Frequently Asked Questions

Prerequisites and System Requirements

What are the system requirements for running vLLM on Intel® Gaudi®?

  • Ubuntu 22.04 LTS OS.
  • Python 3.10.
  • Intel Gaudi 2 or Intel Gaudi 3 AI accelerator.
  • Intel Gaudi software version 1.24.0 and above.

What is the vLLM plugin and where can I find its GitHub repository?

Intel develops and maintains its own vLLM plugin project called vLLM Hardware Plugin for Intel® Gaudi® and located in the vLLM-gaudi repository on GitHub.

How do I verify that the Intel® Gaudi® software is installed correctly?

  1. Run hl-smi to check if Intel® Gaudi® accelerators are visible. Refer to System Verifications and Final Tests for more details.

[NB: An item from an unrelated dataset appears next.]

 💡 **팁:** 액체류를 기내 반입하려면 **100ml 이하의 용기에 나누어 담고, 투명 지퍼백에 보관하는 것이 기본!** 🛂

  2. Run apt list --installed | grep habana to verify installed packages. The output should look similar to the following example:

    $ apt list --installed | grep habana
    habanalabs-container-runtime
    habanalabs-dkms
    habanalabs-firmware-tools
    habanalabs-graph
    habanalabs-qual
    habanalabs-rdma-core
    habanalabs-thunk
    habanalabs-tools
    
  3. Check the installed Python packages by running pip list | grep habana and pip list | grep neural. The output should look similar to this example:

    $ pip list | grep habana
    habana_gpu_migration              1.19.0.561
    habana-media-loader               1.19.0.561
    habana-pyhlml                     1.19.0.561
    habana-torch-dataloader           1.19.0.561
    habana-torch-plugin               1.19.0.561
    lightning-habana                  1.6.0
    Pillow-SIMD                       9.5.0.post20+habana
    $ pip list | grep neural
    neural_compressor_pt              3.2
    

How can I quickly set up the environment for vLLM using Docker?

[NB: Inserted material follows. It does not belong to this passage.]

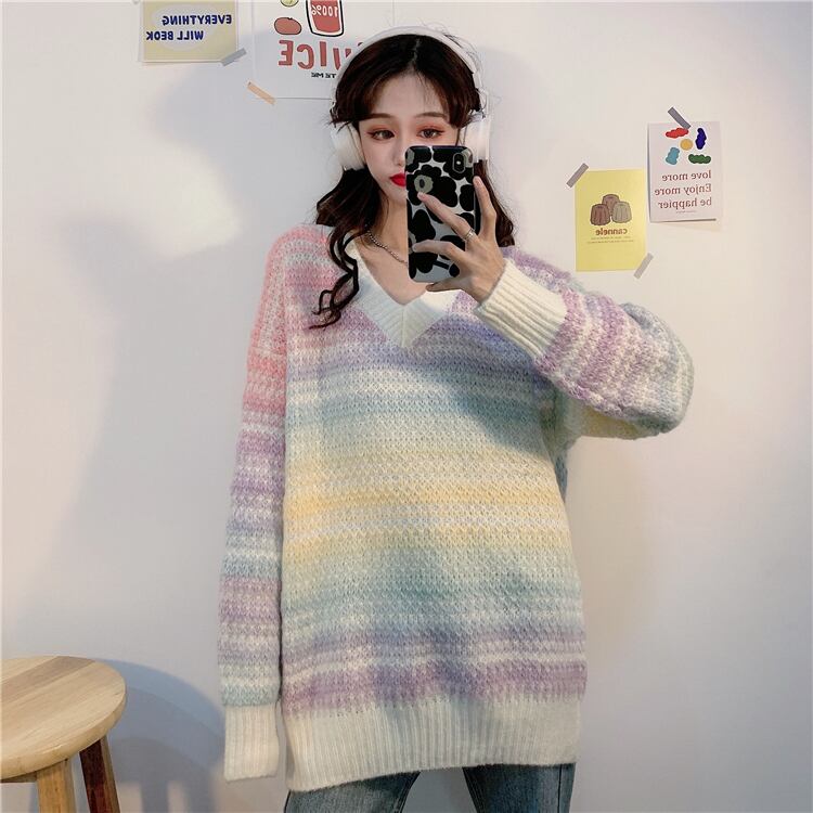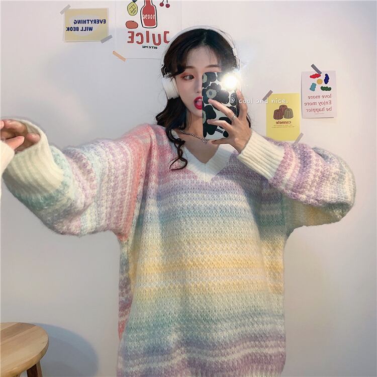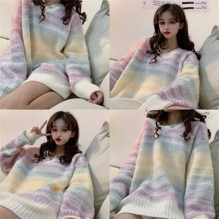 ✞ ストライプセーター ウィンター♡Vネックプルオーバー ロングニット 長袖 冬物 ✞ゴスロリ SM ミリ 甘ロリ クラロリ 和ロリ エレガント 黒ロリ 姫ロリ 華ロリ BB-BB15799108088

Use the Dockerfile.ubuntu.pytorch.vllm file provided in the .cd directory on GitHub to build and run a container with the latest Intel® Gaudi® software release.

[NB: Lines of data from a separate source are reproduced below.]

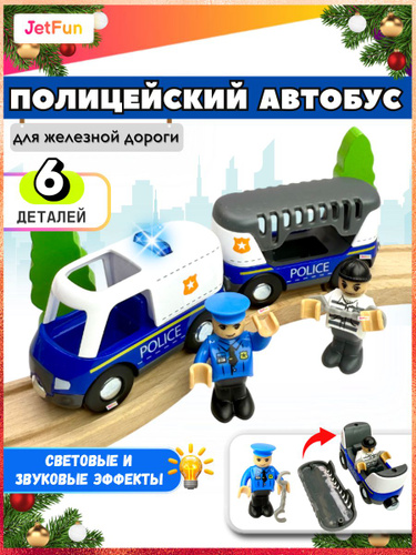 Реалистичный игровой набор для железной дороги с световыми и звуковыми эффектами Полицейский автомобиль, автобус с прицепом и фигурками, развитие воображения
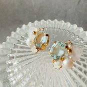 透明感あふれる天然石スカイブルートパーズの耳飾り
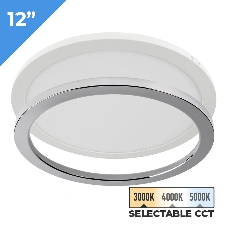 TCP’s 12″ LED Slim Flush Mount Fixtures are perfect for new construction or retrofit projects. They are color selectable and come with a satin nickel magnetic trim ring. The field-selectable CCT allows you to select the color temperature that suits your needs. The frosted lens diffuses the 120° beam angle, producing a uniform light distribution. Install directly to a junction box or within a 5″ or 6″ recessed can. IC Rated for contact with insulation.
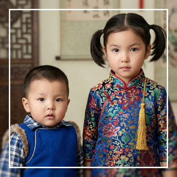 国潮风刺绣童装,融合中式元素与现代设计,红黑配色尽显喜庆感,孩童手持春联,背景古建筑与灯笼烘托浓厚节日氛围。
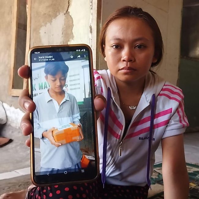 Ibunda Bintang menunjukkan sepatu putih kado terakhir sebelum anaknya tewas dianiaya di Ponpes Al Hanifiyah Kediri. Kerinduan pada Bintang tergambar jelas di mata ibu beranak enam itu, ia terus menatap foto Bintang yang tersenyum ceria di samping kakaknya, Ilham.
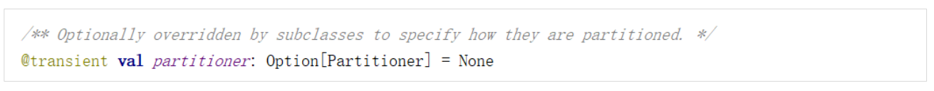 Optionally, a Partitioner for key-value RDDs (e.g. to say that the RDD is hash-partitioned)

For more details, see Quick Start Using Dockerfile.

Building and Installing vLLM

How can I install vLLM on Intel Gaudi?

There are two different installation methods:

Examples and Model Support

Which models and configurations have been validated on Intel® Gaudi® 2 and Intel® Gaudi® 3 devices?

The list of validated models is available in the Validated Models document. The list includes models such as:

  • Llama 2, Llama 3, and Llama 3.1 (7B, 8B, and 70B versions). Refer to Llama-3.1 jupyter notebook example.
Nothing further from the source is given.